13 Replies Latest reply on May 18, 2006 3:15 PM by Tim Fox

    Reconciling 2PC with (reliable) multicast

    Tim Fox Master

      To all you transaction gurus:

      A clustered topic exists with durable subscriptions on 3 different nodes of the cluster A, B and C, named subA, subB and subC

      We send a reliable (persistent) message to the Topic.

      The JMS spec says that we must ensure the message arrives at ALL of the durable subscriptions, it is not permissible that the message only arrives at, say, subA and subB due to failure on node C.

      To do this we can use 2PC and on the prepare stage we send the message to each node, and then we commit only if prepare succeeds.

      If a node fails then the transaction manager can do it's normal recovery procedure when the node comes back up.

      This is all well and good when we're talking to each node using unicast, but we want to have the benefit of (reliable) multicast and only broadcast the message once over the LAN.

      However if we're using multicast then effectively we'll be sending the prepare concurrently to all participants, and also the commit, which I think breaks the protocol since I think (please correct me if I am wrong) that the protocol requires individual participants to be contacted individually.

      How can we resolve this without having to have point to point communication to each subscription on the cluster?

      One possibility is to broadcast the message (the heavy data) first outside the transaction, then in the transaction use point to point and reference the message via an id.

        • 1. Re: Reconciling 2PC with (reliable) multicast
          Mark Little Master

          Why do you need transactions if you're using reliable multicast?
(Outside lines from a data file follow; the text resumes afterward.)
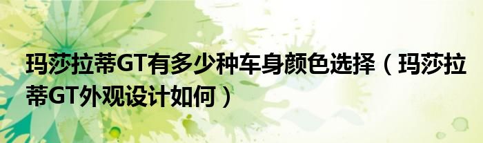 大家好,阳阳来为大家讲解下。玛莎拉蒂GT有多少种车身颜色选择,玛莎拉蒂GT外观设计如何很多人还不知道,现在让我们一起来看看吧!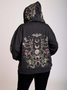 This zip hoodie features our custom garden moon phase artwork on the back and down the sleeves & hood.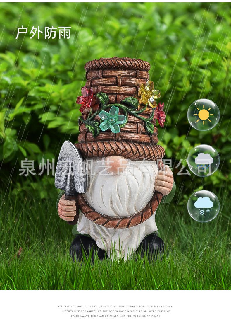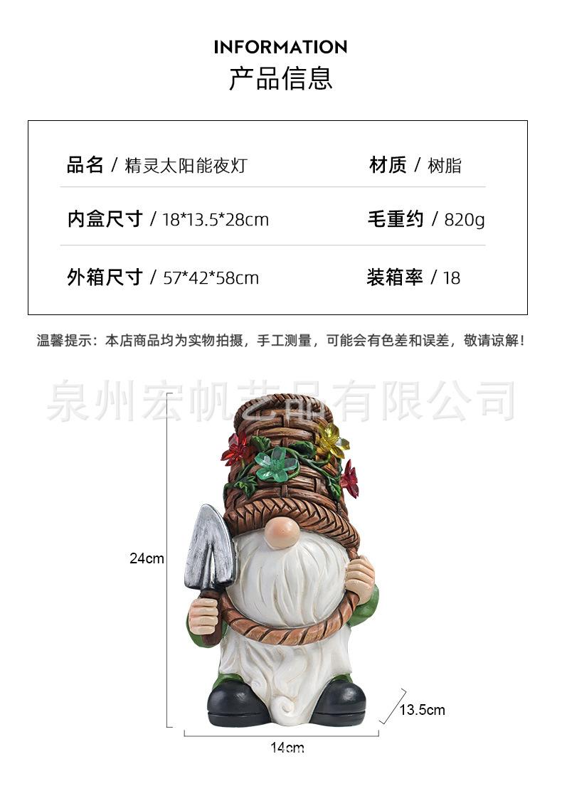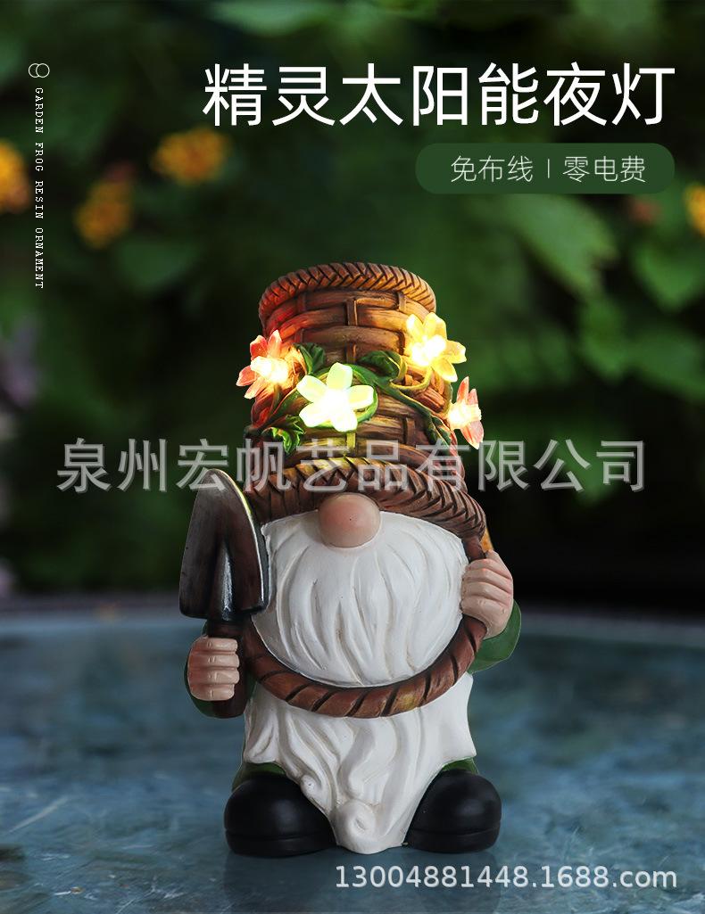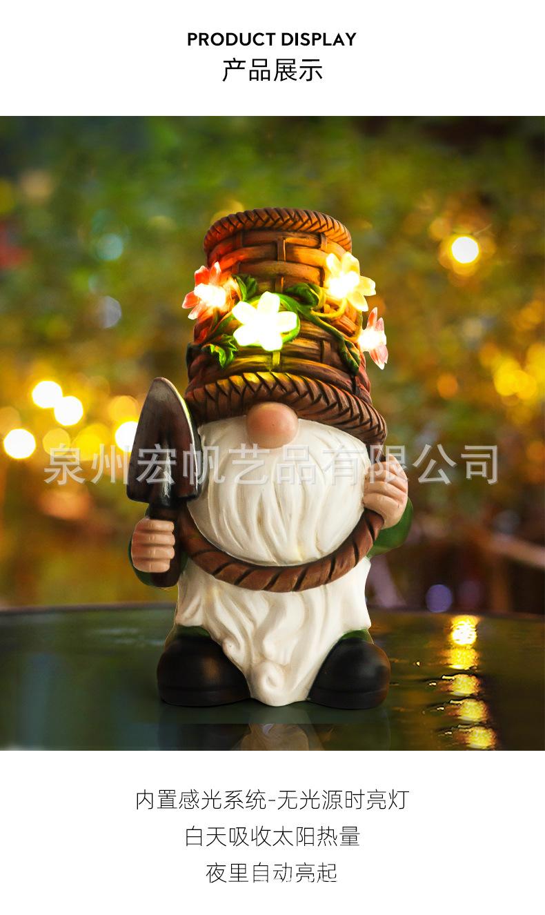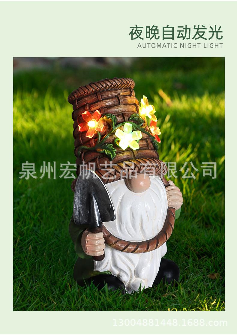 Adornos de elfo con pala sin rostro para jardín americano, luz solar nocturna, artesanía de resina decorativa para césped y jardín.
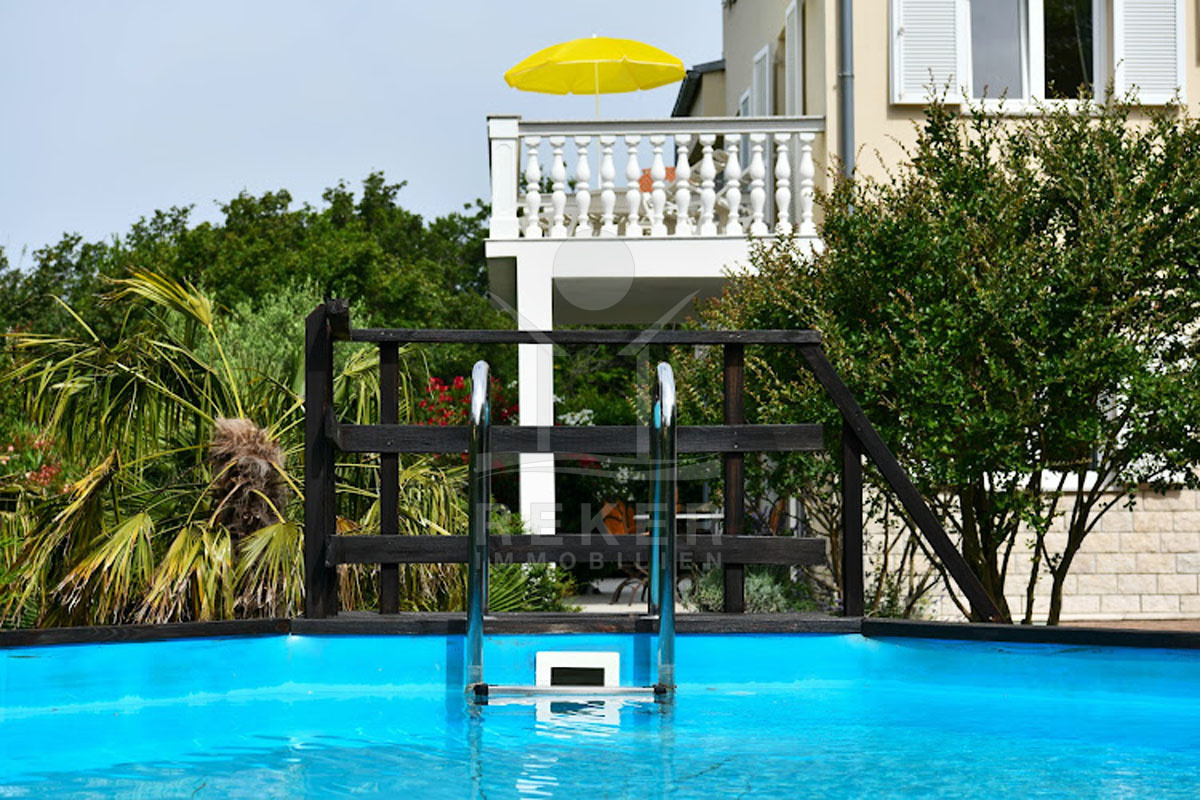 Die schöne Villa liegt in der malerischen Kvarner Bucht in Crikvenica und bietet einen herrlichen Blick auf das glasklare Meer. Obwohl das Meer und das Zentrum 3 km entfernt sind, sind sämtliche Einrichtungen wie Restaurants, Geschäfte und Apotheken gut erreichbar. Crikvenica ist nur 6 Fahrstunden von München entfernt und gilt als einer der beliebtesten Urlaubsorte in der Kvarner Bucht. Die Riviera erstreckt sich über 8 km entlang der Küste und besticht durch ihren Flair und Charme. Der goldgelbe Sandstrand "Gradska Kupaliste", ausgezeichnet mit der "Blauen Flagge", ist ein absolutes Highlight. Crikvenica ist ideal für Familienurlaub, mit flachen Stränden und zahlreichen Freizeitmöglichkeiten. Abends laden die Restaurants, Bars und Tavernen zu einem kulinarischen Erlebnis ein und die Uferpromenade zu romantischen Spaziergängen. Die Villa bietet nicht nur einen Wohntraum, sondern auch ein Stück vom Paradies mit grüner, ruhiger und schöner Naturlandschaft als Ihr neues Zuhause. Freuen Sie sich auf entspannte Tage in diesem einmaligen Wohlfühlort.

Doesn't the reliable multicast implementation support atomic delivery? Most do, and those that don't typically rely on something like a gossip-based protocol to ensure reliable delivery eventually, but they're really intended for large scale (loosely coupled) environments.

          If it's not atomic, then what definition of reliable is used? (Even if it's causal or global ordering, I'd find it strange if it doesn't have atomic delivery).

          • 2. Re: Reconciling 2PC with (reliable) multicast
            Tim Fox Master

            We're using the JGroups RPCDispatcher which basically sends a multicast message then waits for replies from all nodes.

            While waiting for replies a node could crash so we could end up with the message on some nodes but not others.

            I don't think (Bela please correct me) JGroups will retry the RPC so the crashed node gets it when it comes back up, but I don't really know enough about JGroups to answer this properly.

            • 3. Re: Reconciling 2PC with (reliable) multicast
              Bela Ban Master

              No, the RPC is not retried, it terminates with the response from the crashed member marked as SUSPECTED.
              JGroups operates in-memory only, no logs are maintained, so when a node comes back up, we cannot do a recovery by looking at logs.
              So if you want to mimic 2PC across a cluster, then you probably have to rollback the TX if you cannot deliver the message to *all* the nodes in the cluster.
              Or, if the nodes use a shared DB, then you could say that - as long as the persistent message has been stored in the DB the TX can succeed.
              Really depends on the semantics you want to have

              • 4. Re: Reconciling 2PC with (reliable) multicast
                Mark Little Master

                So how precisely is this reliable multicast? I must be missing something ;-)

                • 5. Re: Reconciling 2PC with (reliable) multicast
                  Tim Fox Master

                  I guess the advantage over normal multicast is that you know either the message definitely reached the node, or definitely didn't.

                  If you don't know that you can't even do 2PC over the top.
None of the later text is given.